ЛЮДИ И МАШИНЫ ЗА ШАХМАТНОЙ ДОСКОЙ

  Главная       Учебники - Компьютеры       Кибернетика - неограниченные возможности и возможные ограничения.  Итоги развития

 поиск по сайту     

 

 

 

 

 

 

 

 

 

 

содержание   ..  49  50  51  52  53  54  55  56  57  58  59  

 

 

ЛЮДИ И МАШИНЫ ЗА ШАХМАТНОЙ ДОСКОЙ

Что такое шахматы? Это старый вопрос, на который некоторые предпочитают давать остроумные, но бессодержательные ответы, другие осторожности ради делают из определения шахмат нечто вроде винегрета: шахматы — это и игра, и искусство, и наука. Разумеется, такие определения не могут удовлетворить исследователя. На этот вопрос надо дать точный ответ.

Можно определенно утверждать, что шахматы не являются наукой. Наука обязательно должна изучать законы природы, общества или мышления, а шахматы всего лишь исторически сложившаяся условная схема. Научный элемент в шахматах, конечно, есть, но он играет такую же подчиненную роль, как в искусстве и, пожалуй, в спорте. Но никто же не будет утверждать, что легкая атлетика — это наука только потому, что бегун готовится к соревнованиям, основываясь на выводах спортивной медицины.

Шахматы могут быть либо игрой, либо искусством. Несколько забегая вперед, скажем, что шахматы всегда являются игрой, а ранее они были только игрой. Однако, когда люди постепенно стали глубже понимать шахматы, научились ценить их красоту, когда стали появляться шахматные партии, от которых на протяжении десятилетий шахматисты получали эстетическое удовлетворение, шахматы перестали быть только игрой.

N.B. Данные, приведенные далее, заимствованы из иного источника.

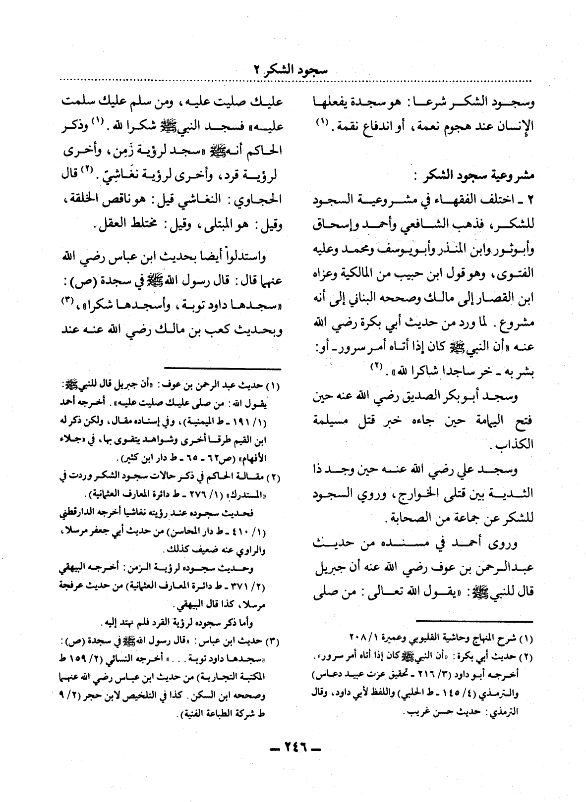 (2) مقالة الحاكم في ذكر حالات سجود الشكر وردت في " المستدرك " (1 / 276 - ط دائرة المعارف العثمانية) . فحديث " سجوده عند رؤيته نغاشيًّا " أخرجه الدارقطني (1 / 410 - ط دار المحاسن) من حديث أبي جعفر مرسلا، والراوي عنه ضعيف كذلك. وحديث سجوده لرؤية الزمن: أخرجه البيهقي (2 / 371 - ط دائرة المعارف العثمانية) من حديث عرفجة مرسلا، كذا قال البيهقي. وأما ذكر سجوده لرؤية القرد فلم نهتد إليه.

Кратко можно сказать так: шахматист всегда играет в шахматы, но он создает произведение искусства лишь тогда, когда сыгранная им партия долго живет.

Поэтому шахматы — всегда игра, которая иногда становится искусством.

Карл Маркс писал, что предмет искусства... создает публику, понимающую искусство и способную наслаждаться красотой. Легко понять, что шахматы удовлетворяют этому требованию.

Ясно, что у шахмат есть своя публика, которая ценит красивые щахматные произведения.
 

Искусство непременно должно отображать действительность в специфических художественных образах. Именно поэтому специалисты-искусствоведы только пожимали плечами, когда им говорили, что шахматы являются искусством. «Позвольте,— отвечали они,— какое же это искусство? Какую действительность, какую реальность отображают шахматы? Разве не известно, что шахматы — это только схема, выдуманная человеком?»

Мне кажется все же, что эти весьма распространенные заблуждения объясняются лишь поверхностным подходом к делу. Мы видим доску, шахматные фигуры, условную схему, и нам кажется, что это и есть содержание шахмат. С таким же успехом можно утверждать, что скрипка и смычок являются музыкой. Абсурдность такого утверждения не вызывает сомнений.

В шахматах ценитель восхищается творческой, логической стороной мышления человека и в форме специфических художественных шахматных образов получает представление о нем.

По шахматным партиям мы судим о характере мастера, его специфических шахматных способностях, остроумии и изобретательности, о фантазии и глубине его мысли, настойчивости и энергии. Это и доставляет через посредство шахматных образов эстетическое наслаждение шахматисту-ценителю, когда он следит за интересной партией или решает хороший этюд. Строгость, законченность и сила логических построений, заключенных в содержательной партии, и вызывают ощущение красоты шахмат, эмоции, которые знакомы каждому шахматисту. Восхищаясь шахматными произведениями, шахматист тем самым восхищается мышлением человека.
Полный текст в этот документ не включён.